As far as Harley and Bodnar could tell, these altered cells could keep dividing indefinitely. Harley declined to say if he thinks they are immortal, because the term is loaded and only time will tell. But Hayflick is convinced that the scientists “essentially immortalized” the cells.

Advertisement

*

It is a matter of fierce scientific debate as to what extent the fate of fibroblasts growing in a dish parallels that of intact body cells. Harley and others say it does. The thinning and sagging of skin that accompany old age, and the decreased ability to repair cuts and other damage, result from the buildup of older fibroblasts nearing or in senescence, he said.

Also, researchers have long suspected that the elderly’s increased susceptibility to infectious disease results from the immune system’s reduced capacity to launch microbe-fighting cells, he said.

Other researchers say that although giving cells a new lease on life is an amazing feat, it has little to do with manipulating the longevity of a whole human. “This is a very interesting piece of biology, which will give some insight into why some cells divide forever and others stop,” said Caleb Finch, a USC neurobiologist specializing in aging. “It has to do with a phenomenon in cell culture that may or may not be the same in the organism.”

Eugenia Wang, an expert on the cell biology of aging who works at the Lady Davis Institute for Medical Research in Montreal, said the new work was “outstanding.” But she questioned its therapeutic potential, given that the two most important organs--the brain and heart--comprise cells that stop dividing in youth. (The heart grows because its cells get bigger, not more numerous.) Although there is usually some deterioration of brain and heart function with old age, it is not because of senescence, she said.

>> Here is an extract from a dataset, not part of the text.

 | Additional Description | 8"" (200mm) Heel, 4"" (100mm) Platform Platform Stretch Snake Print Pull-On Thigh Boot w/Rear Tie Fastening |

In addition, numerous scientists have voiced caution about the prospect of genetically altering normal somatic cells to boost their telomerase activity. The risk, they say, is cancer. Some researchers view the lack of telomerase in normal somatic cells as a prime defense against the runaway division and growth that is malignancy. To circumvent that defense could be dangerous, they say.

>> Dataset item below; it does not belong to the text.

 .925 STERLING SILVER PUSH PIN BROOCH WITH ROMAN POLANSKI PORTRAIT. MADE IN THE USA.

But Harley, who originally helped establish that cancer cells activate telomerase, argues that the threat may not be as great as assumed. Telomerase does not appear to start cancer, he said, only maintain it once other biochemical events have set it in motion.

Advertisement

Among the earliest medical applications of the enzyme might be a telomerase-based diagnostic test for certain cancers. Other researchers have shown that a telomerase test can pick up bladder cancer cells sloughed off into urine before other tests can, and thus could function as an early warning for recurrence of the disease in patients undergoing treatment. A National Cancer Institute workshop last summer concluded “that detection of telomerase activity may be a new and independent early marker of cancer.”

The sudden publicity generated by last week’s announcement belies the years of incremental, painstaking, collaborative research that led up to it. And Harley, said Rose, “is really the driving force behind the telomerase story.”

Harley, 45, began his research career 23 years ago trying to disprove the Hayflick phenomenon. Geron recruited him from an academic post in 1993.

Though the telomere mechanism is often referred to as a “biological clock,” he is not fond of the expression because it implies a passive monitor. He recently described it instead as a “genetic time bomb.” “This,” he said, “is the program for cellular aging as far as we can tell.”